1. Modeling the Human Nervous System
-Advancing the technology-
We tackle ongoing challenges in neural organoid models. For instance, one of the challenges is the efficient vascularization of human brain organoids, which is the prerequisite for their long-term maturation and functional refinement. We pursue this through various techniques of stem cell biology and neurobiology.
2. Diseases of the Human Nervous System
-Mechanisms and therapy-
We apply neural organoids to understand human neurological diseases. For instance, based on fused brain organoids recapitulating regional interactions within the human brain, we now can track interneuron migration and axonal projection in a dish. With that, new mechanistic insights at the molecular level can be gained to better understand and eventually treat human neurological diseases.

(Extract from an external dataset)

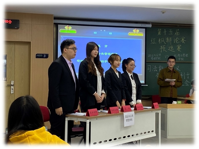(三)公司研究生辩论队参加“第十五届研究生红枫辩论赛” 2020年11月4日,公司研究生会学术部组织团队参加永利集团第十五届研究生红枫辩论赛,辩题为“司法能动主义有利于/不利于维护社会正义”,公司持正方——司法能动主义有利于维护社会正义对战经济与管理公司。在悉心的准备下,公司研究生辩论队在赛场上或机智幽默巧言善辩,或据理力争步步为营,最终获得第十七名的成绩。

Human stem cell engineering
Culturing and CRISPR/Cas- or TALEN-mediated gene editing in human pluripotent stem cells (i.e., embryonic stem cells and induced pluripotent stem cells).
Stem cell differentiation
Guided 2D differentiation of human pluripotent stem cells towards lineages of interests in a dish.
Region-specific neural organoids
Construction of various human 3D neural organoids with defined regional identity of the nervous system.
Complex neural organoids
Construction of complex human neural organoids recapitulating cross-lineage (e.g., neuro–vascular interactions) and cross-region (e.g., interneuron migration and neural circuit function) interactions inside the human nervous system, through fusing distinct organoids or incorporating distinct lineages.
Structural, multi-omics (e.g., single-cell RNA seq, ATAC-seq, etc.), and functional (e.g., calcium imaging, multi-electrode array) analysis.
New models of human neurodevelopmental or neurodegenerative diseases basing on defined stem cell sources and neural organoid technologies.